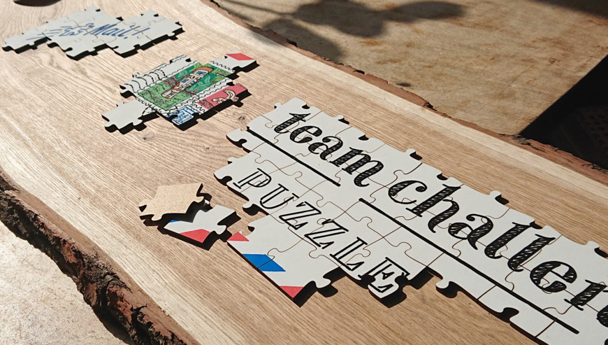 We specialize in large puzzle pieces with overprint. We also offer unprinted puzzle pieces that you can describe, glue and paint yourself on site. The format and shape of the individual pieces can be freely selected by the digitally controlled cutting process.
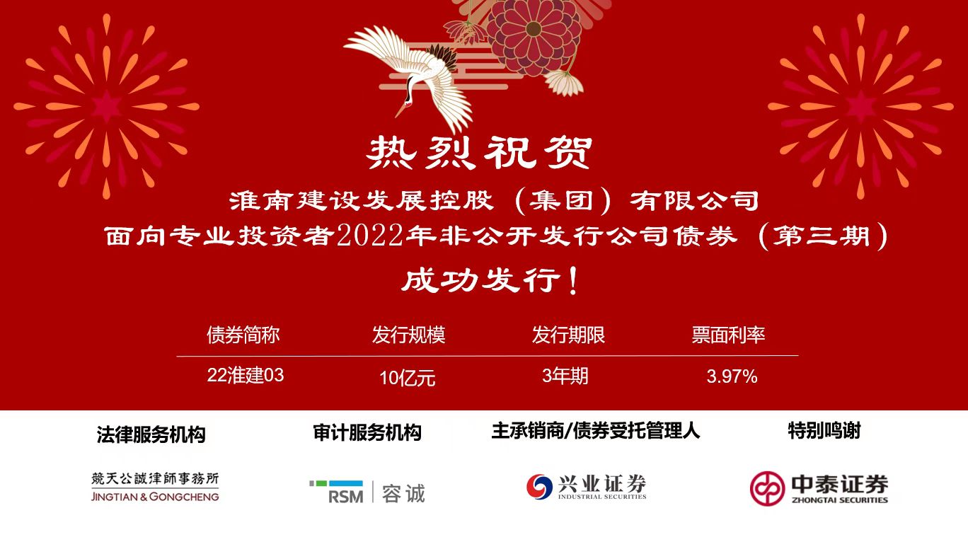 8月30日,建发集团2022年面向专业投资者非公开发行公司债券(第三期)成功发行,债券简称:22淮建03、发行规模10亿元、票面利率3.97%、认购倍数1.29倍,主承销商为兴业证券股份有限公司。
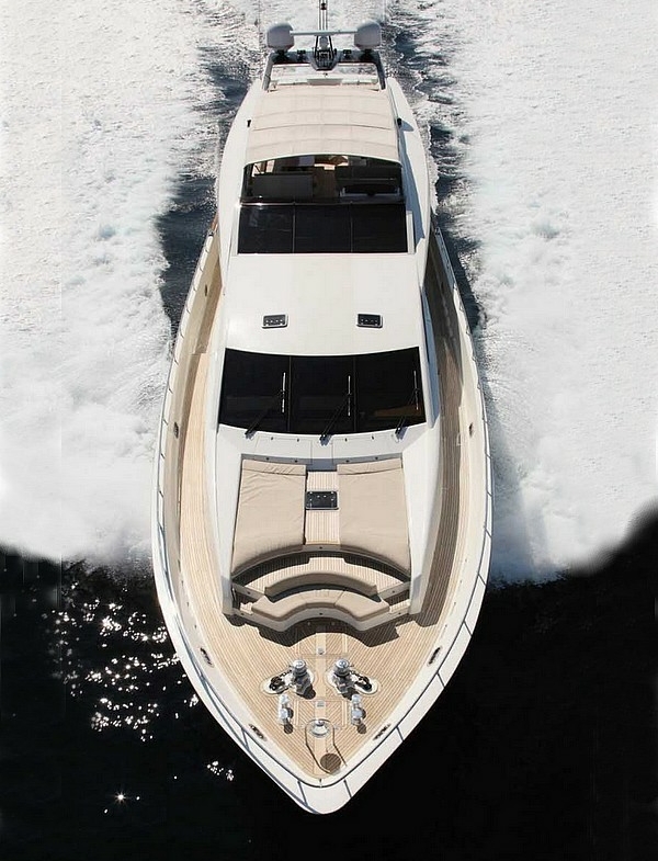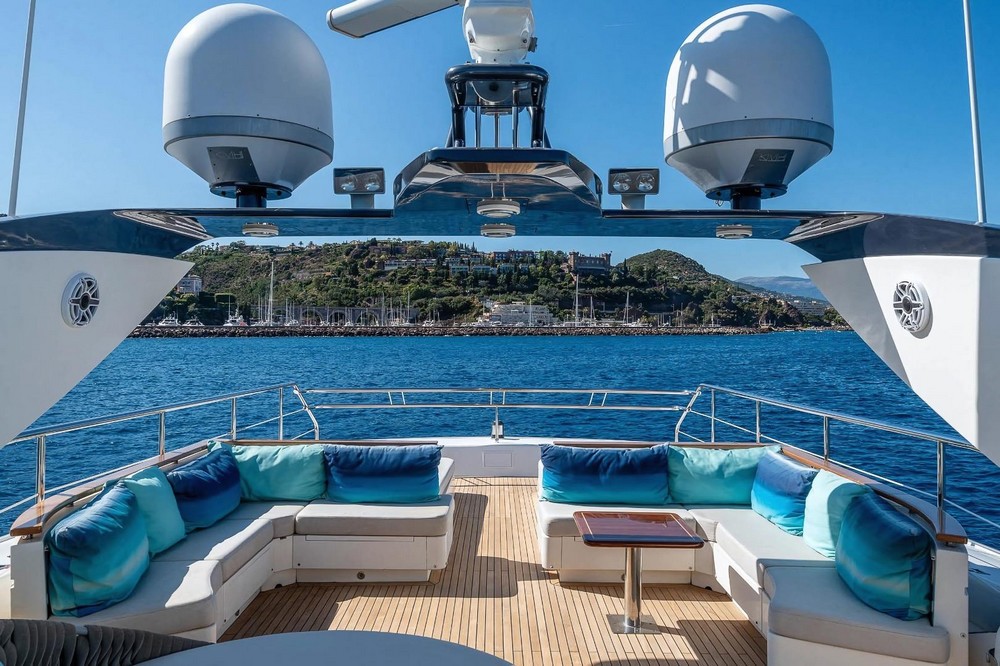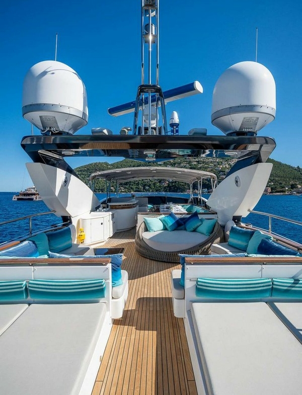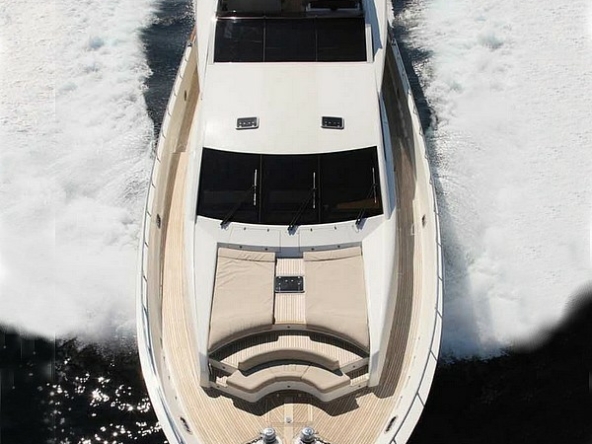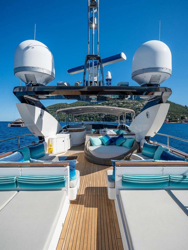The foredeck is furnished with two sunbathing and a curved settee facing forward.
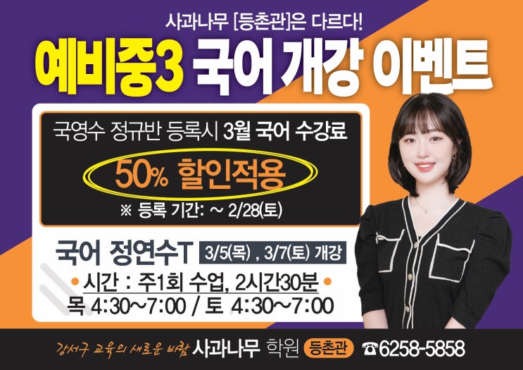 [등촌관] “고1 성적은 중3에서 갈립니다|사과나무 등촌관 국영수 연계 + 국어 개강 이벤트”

○ ○ ○ ○ ○ ○ ○

Required action -
Once the pictures are removed, output the remaining material exactly.

Solution -
 We specialize in large puzzle pieces with overprint. We also offer unprinted puzzle pieces that you can describe, glue and paint yourself on site. The format and shape of the individual pieces can be freely selected by the digitally controlled cutting process.
 8月30日,建发集团2022年面向专业投资者非公开发行公司债券(第三期)成功发行,债券简称:22淮建03、发行规模10亿元、票面利率3.97%、认购倍数1.29倍,主承销商为兴业证券股份有限公司。
The foredeck is furnished with two sunbathing and a curved settee facing forward.
 [등촌관] “고1 성적은 중3에서 갈립니다|사과나무 등촌관 국영수 연계 + 국어 개강 이벤트”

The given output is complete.